*The input:*
========

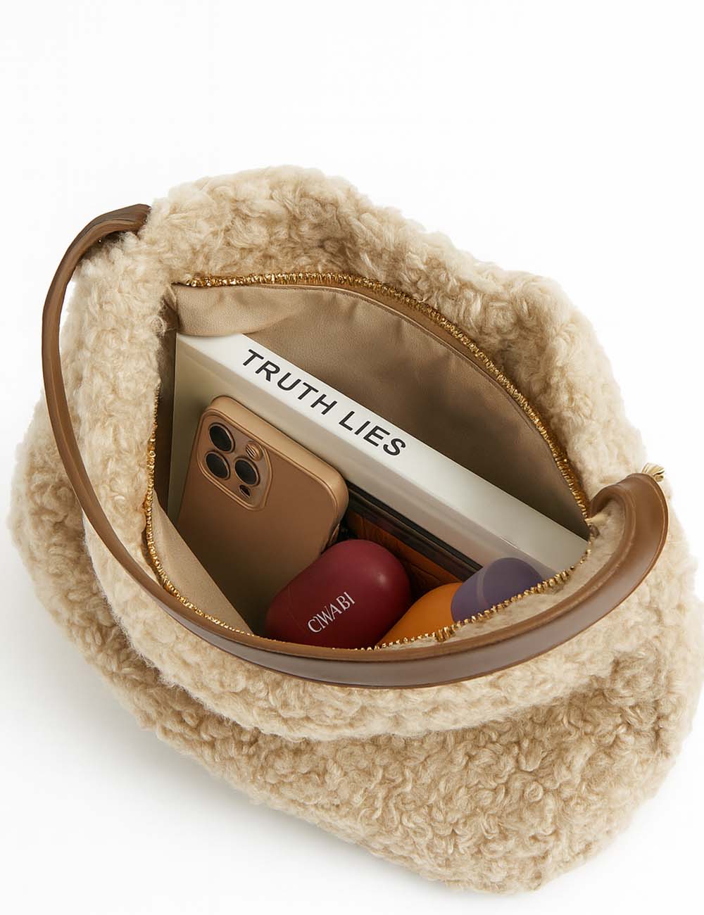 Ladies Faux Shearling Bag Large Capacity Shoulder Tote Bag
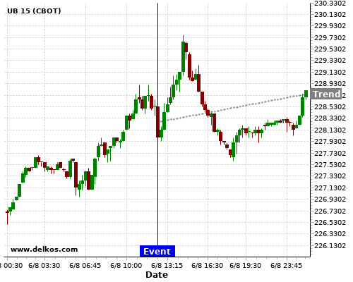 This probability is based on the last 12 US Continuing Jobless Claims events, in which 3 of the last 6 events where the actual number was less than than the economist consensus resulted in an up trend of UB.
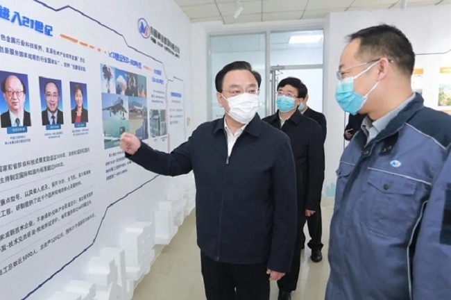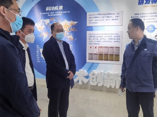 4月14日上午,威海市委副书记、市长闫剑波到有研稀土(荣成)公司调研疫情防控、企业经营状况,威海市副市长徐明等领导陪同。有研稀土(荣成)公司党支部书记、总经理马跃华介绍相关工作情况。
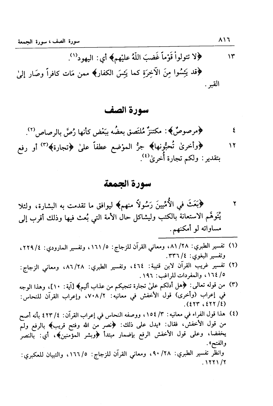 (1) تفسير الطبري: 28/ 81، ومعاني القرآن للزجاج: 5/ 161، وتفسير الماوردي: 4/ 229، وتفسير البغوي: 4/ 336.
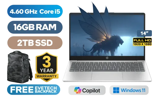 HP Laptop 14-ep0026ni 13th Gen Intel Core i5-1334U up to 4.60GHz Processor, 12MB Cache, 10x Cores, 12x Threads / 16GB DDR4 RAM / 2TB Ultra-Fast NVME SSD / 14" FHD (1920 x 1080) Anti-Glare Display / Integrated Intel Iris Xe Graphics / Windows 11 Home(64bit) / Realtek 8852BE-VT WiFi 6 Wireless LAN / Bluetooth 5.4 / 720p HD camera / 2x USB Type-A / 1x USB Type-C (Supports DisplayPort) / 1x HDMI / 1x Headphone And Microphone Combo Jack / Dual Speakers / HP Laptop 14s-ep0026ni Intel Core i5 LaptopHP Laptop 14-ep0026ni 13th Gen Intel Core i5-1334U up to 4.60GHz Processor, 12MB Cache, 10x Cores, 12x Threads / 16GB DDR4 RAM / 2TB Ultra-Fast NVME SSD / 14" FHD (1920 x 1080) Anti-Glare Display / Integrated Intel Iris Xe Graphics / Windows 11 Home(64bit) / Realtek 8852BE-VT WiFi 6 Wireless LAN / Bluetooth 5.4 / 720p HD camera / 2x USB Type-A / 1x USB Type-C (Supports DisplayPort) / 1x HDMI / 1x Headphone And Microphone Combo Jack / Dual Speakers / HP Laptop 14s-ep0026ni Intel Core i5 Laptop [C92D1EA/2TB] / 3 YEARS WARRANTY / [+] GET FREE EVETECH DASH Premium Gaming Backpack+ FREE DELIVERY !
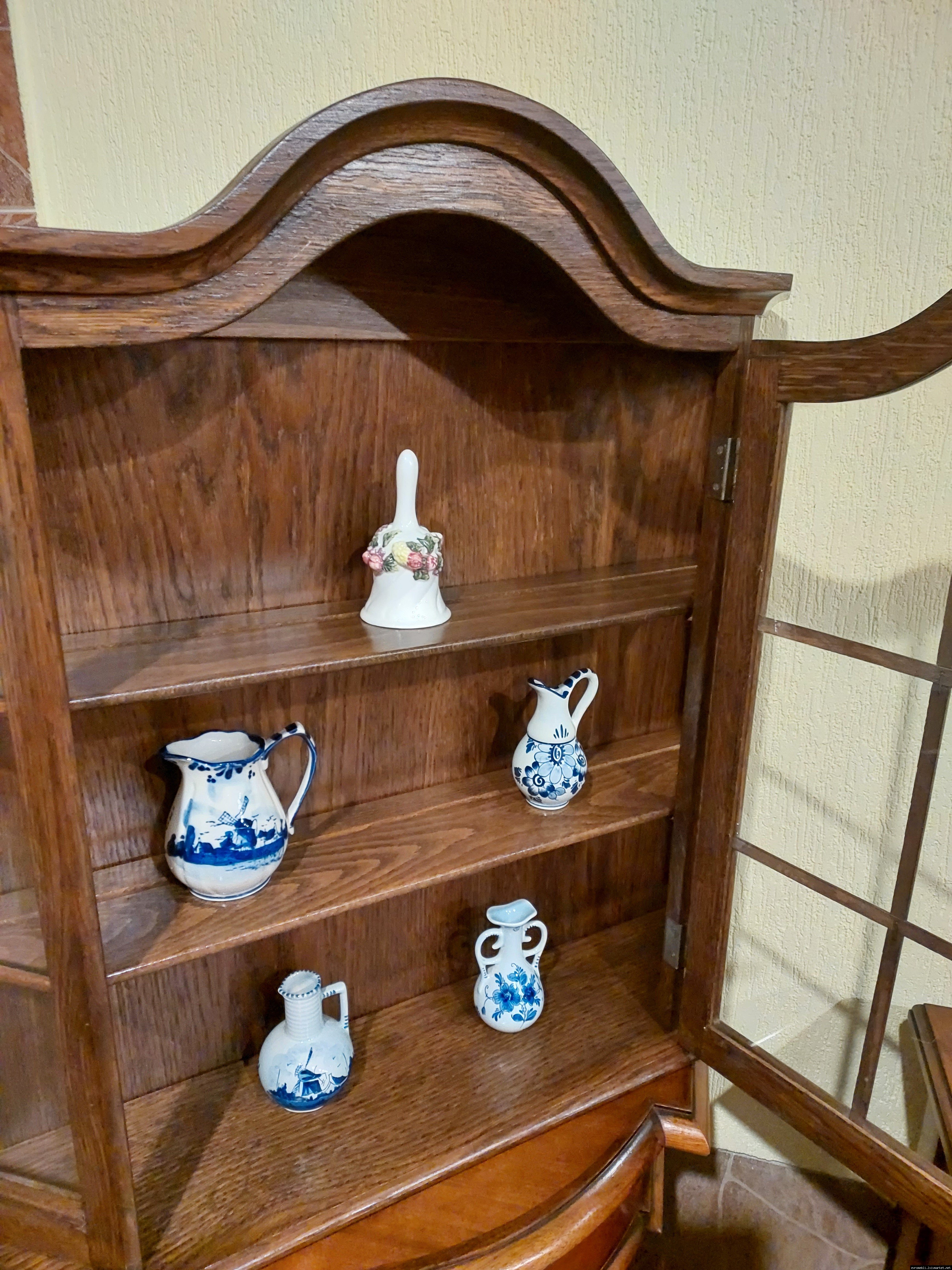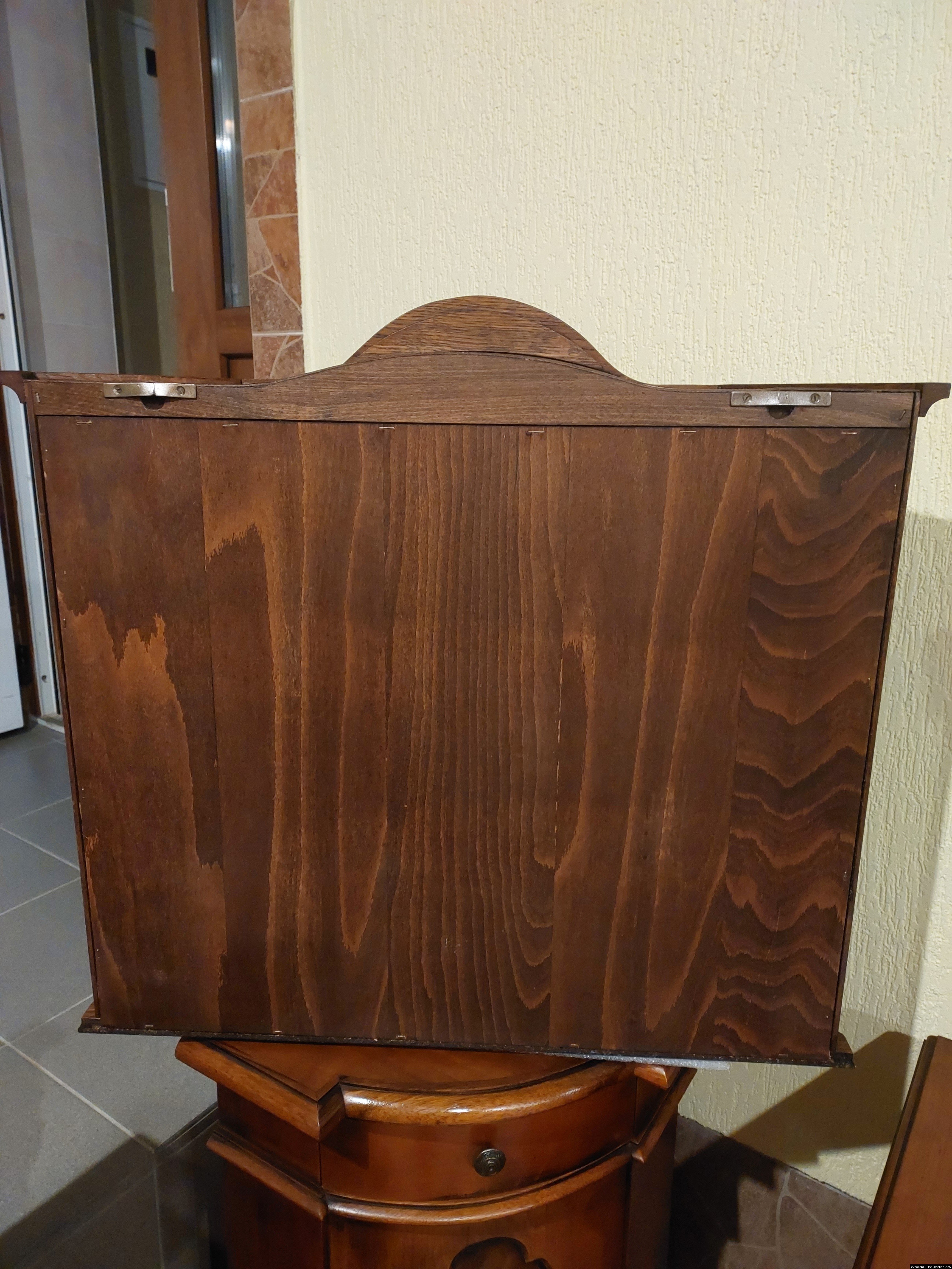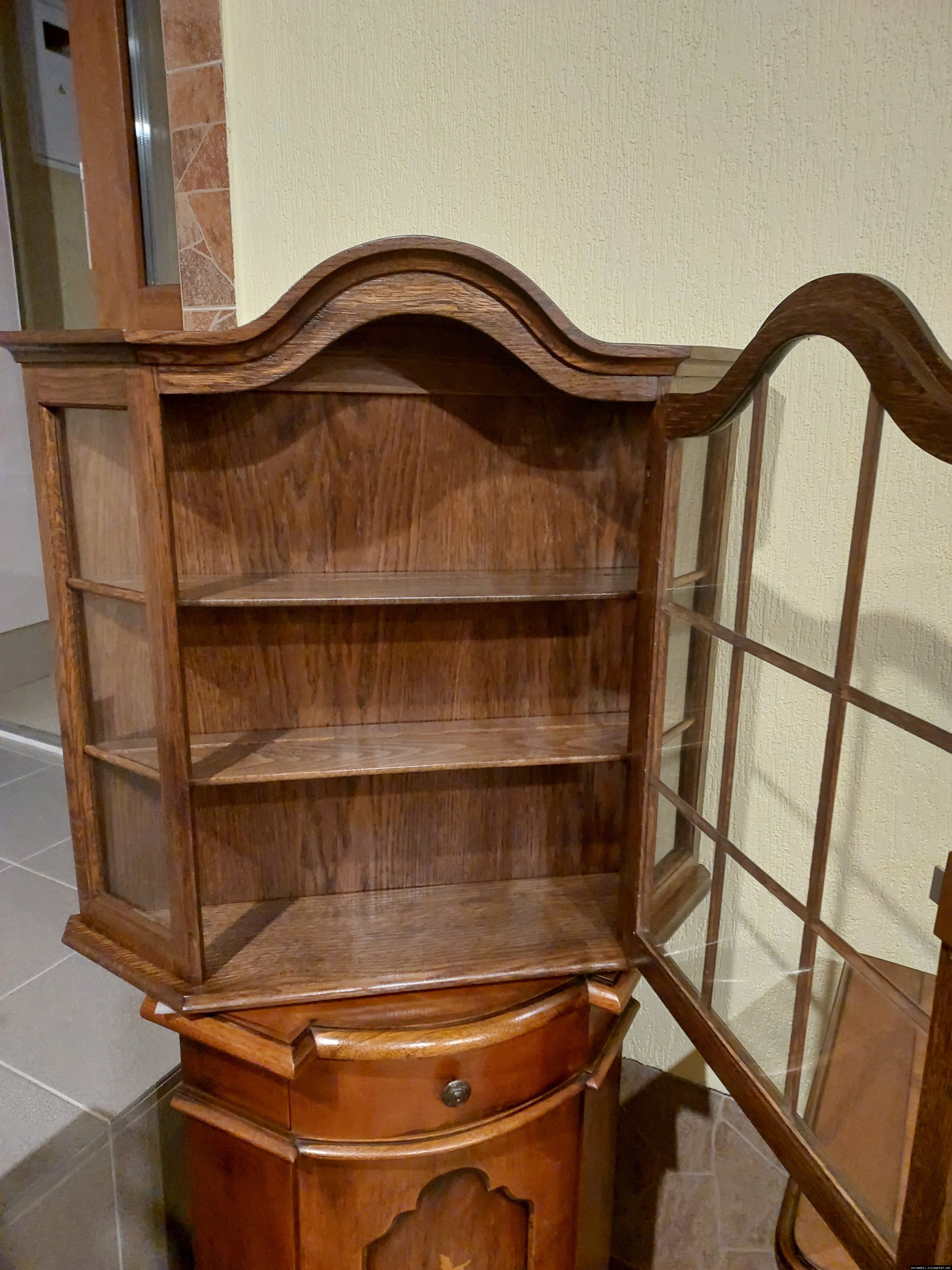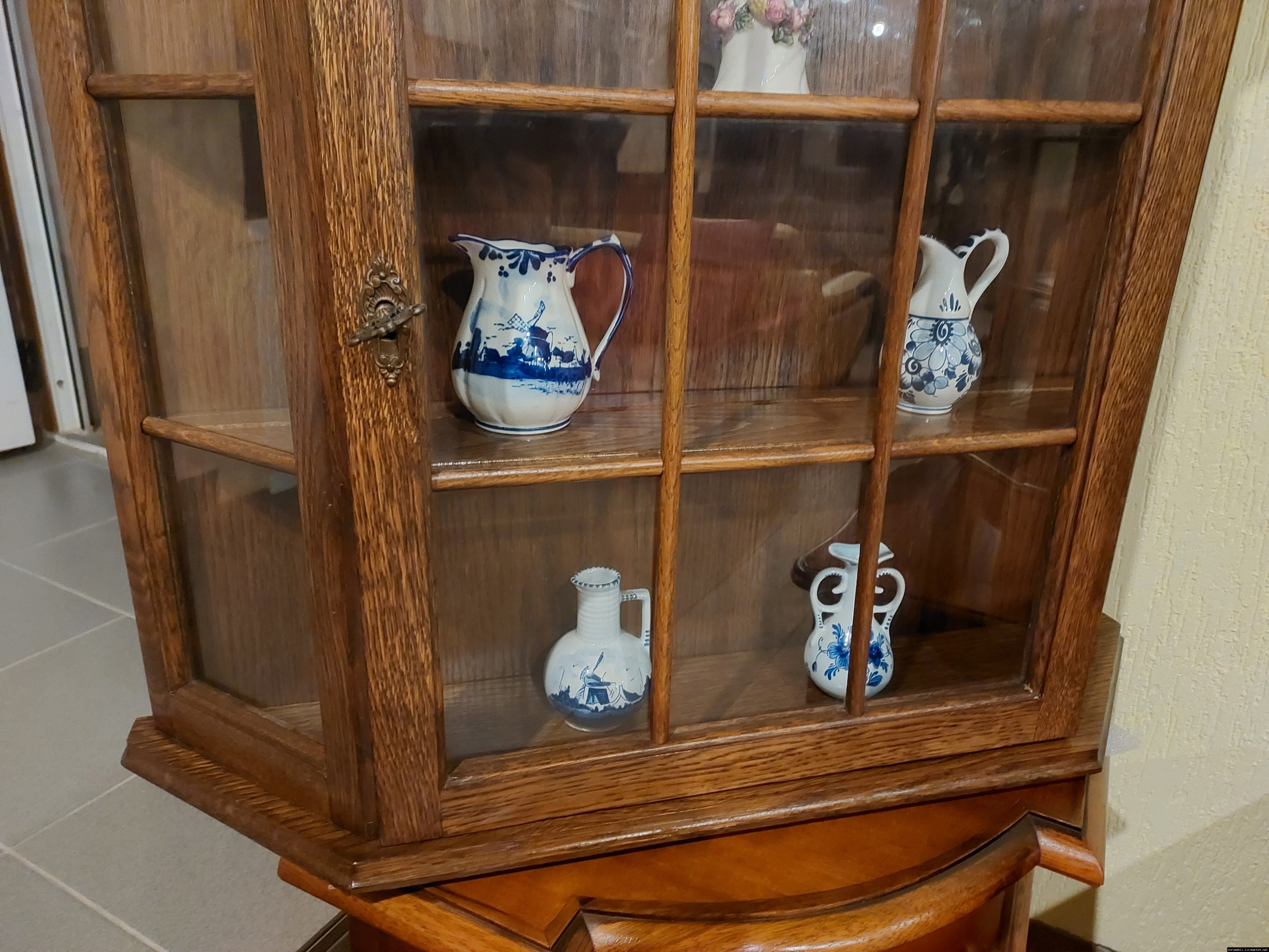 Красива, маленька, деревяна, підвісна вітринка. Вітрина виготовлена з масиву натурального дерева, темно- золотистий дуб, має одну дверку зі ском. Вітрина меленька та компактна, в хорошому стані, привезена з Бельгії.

========

All that belongs in the answer is the exact run of lines from the line containing "This probability is" to the end of the listing above, pictures removed.

 This probability is based on the last 12 US Continuing Jobless Claims events, in which 3 of the last 6 events where the actual number was less than than the economist consensus resulted in an up trend of UB.
 4月14日上午,威海市委副书记、市长闫剑波到有研稀土(荣成)公司调研疫情防控、企业经营状况,威海市副市长徐明等领导陪同。有研稀土(荣成)公司党支部书记、总经理马跃华介绍相关工作情况。
 (1) تفسير الطبري: 28/ 81، ومعاني القرآن للزجاج: 5/ 161، وتفسير الماوردي: 4/ 229، وتفسير البغوي: 4/ 336.
 HP Laptop 14-ep0026ni 13th Gen Intel Core i5-1334U up to 4.60GHz Processor, 12MB Cache, 10x Cores, 12x Threads / 16GB DDR4 RAM / 2TB Ultra-Fast NVME SSD / 14" FHD (1920 x 1080) Anti-Glare Display / Integrated Intel Iris Xe Graphics / Windows 11 Home(64bit) / Realtek 8852BE-VT WiFi 6 Wireless LAN / Bluetooth 5.4 / 720p HD camera / 2x USB Type-A / 1x USB Type-C (Supports DisplayPort) / 1x HDMI / 1x Headphone And Microphone Combo Jack / Dual Speakers / HP Laptop 14s-ep0026ni Intel Core i5 LaptopHP Laptop 14-ep0026ni 13th Gen Intel Core i5-1334U up to 4.60GHz Processor, 12MB Cache, 10x Cores, 12x Threads / 16GB DDR4 RAM / 2TB Ultra-Fast NVME SSD / 14" FHD (1920 x 1080) Anti-Glare Display / Integrated Intel Iris Xe Graphics / Windows 11 Home(64bit) / Realtek 8852BE-VT WiFi 6 Wireless LAN / Bluetooth 5.4 / 720p HD camera / 2x USB Type-A / 1x USB Type-C (Supports DisplayPort) / 1x HDMI / 1x Headphone And Microphone Combo Jack / Dual Speakers / HP Laptop 14s-ep0026ni Intel Core i5 Laptop [C92D1EA/2TB] / 3 YEARS WARRANTY / [+] GET FREE EVETECH DASH Premium Gaming Backpack+ FREE DELIVERY !
 Красива, маленька, деревяна, підвісна вітринка. Вітрина виготовлена з масиву натурального дерева, темно- золотистий дуб, має одну дверку зі ском. Вітрина меленька та компактна, в хорошому стані, привезена з Бельгії.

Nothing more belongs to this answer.